Komutanın yanından ayrılırken yüzümdeki ifadesizliği korumaya çalıştım, arabaya yürürken az önce konuştuklarımızı düşündüm.
Birkaç haftaya göreve gidecektim, Suriye'nin doğusunda tehlikeli bir bölgeydi. Benimle beraber üç askerim daha gelecekti, gizli bir görevdi. Normalinde göreve giderken bu derece sıkıntıya düşmezdim ama şimdi korkuyordum.
Ya orada şehit olursam? Erdal'ı son bir kez görmeden hem de.
Şehit olmak çocukluğumdan beri en çok istediğim şeydi, birkaç gün öncesine kadar hâlâ büyük bir tutku ve inançla istiyordum. Nasıl olsa bir kere ölmüştüm sevenlerimin gözünde, bir daha ölsem sıkıntı olmazdı.
Ondan ayrı yaşadığım günler bana yeterince haram olmuştu zaten.
Ailem her şekilde kendilerine sahip çıkabilirlerdi, kalplerinde dinmeyen bir acı bırakacağımı biliyordum ama bir zaman sonra vatan sağolsun deyip hayatlarına devam edeceklerdi. Henüz acısı tazeydi. Ama solcunun benden sonra ne yapacağını bilmiyordum. Şimdi de 'benden sonra'ki zaman dilimindeydi ama ruhum bedenimden ayrıldığında her şey daha farklı olacaktı.
Benden sonra yaşamasını isterdim ama bu şekilde değil.
Artık kafayı yemek üzereyken kendimi yeniden Akif'in mekanına attım. Arabayı park edip düşünceli düşünceli büyük kapıya ilerledim. Kapıyı açıp içeri girdiğimde etrafta kimsenin olmadığını gördüm.
Kapıyı kapattım, koltukların olduğu yere hızla ilerledim ama oturmaktan vazgeçip volta atmaya başladım. Elimi enseme götürüp ovdum, nefesim kesiliyordu sanki.

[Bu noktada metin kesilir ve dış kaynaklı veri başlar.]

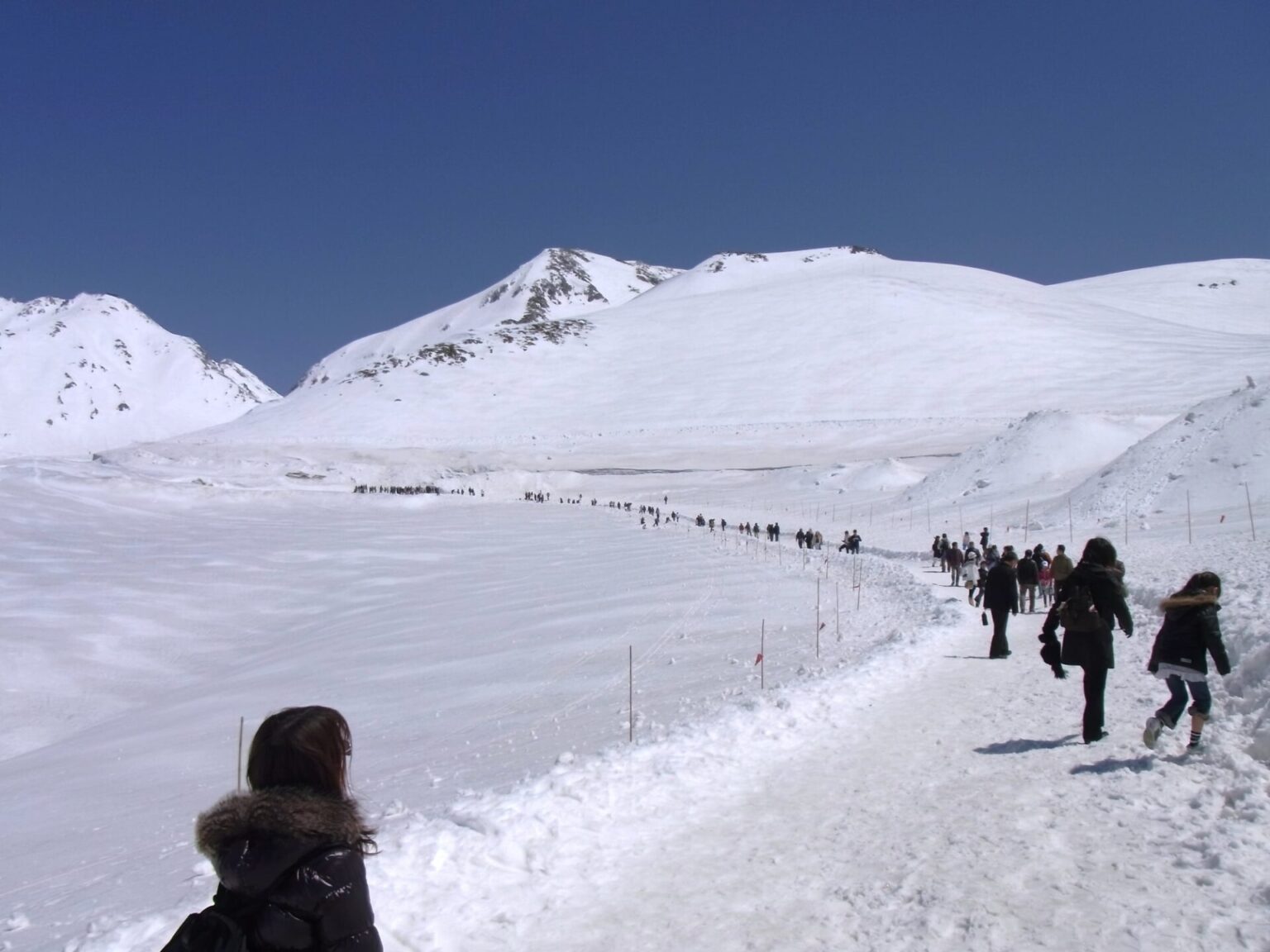 「雪の大谷ウォーク」では、この雪の壁の間を歩くことができ、まるで別世界に迷い込んだかのような体験をすることができます。また、「雪の回廊」では、室堂ターミナルと自然保護センターを結ぶ道を歩き、雪の壁を間近で感じることができます。

Her şey birbirine girmişti.
Cebimdeki paketten bir sigara çıkarıp dudaklarımın arasına iliştirdim, çakmağı çıkarıp sinirle yakmaya çalıştığımda ateş çıkmadıkça daha fazla öfkelendim. Bir kaç kere deneyip küçük kıvılcımın çıktığını görünce bir küfür mırıldanıp çakmağı duvara fırlatmak için havaya kaldırdım.
Tam fırlatacakken gözlerimi kapattım, elim havada öylece dururken derin derin nefesler alıyordum, göğsüm inip kalkıyordu.
Sakinleşmem gerekiyordu.
Elimi indirip sigaramı düzelttim, gözlerimi açıp derin nefesler alarak çakmağı çaktığımda büyük bir ateş çıkmıştı. Sigaramın ucunu tutuşturup içime derin nefes çektim. Çakmağı cebime koydum.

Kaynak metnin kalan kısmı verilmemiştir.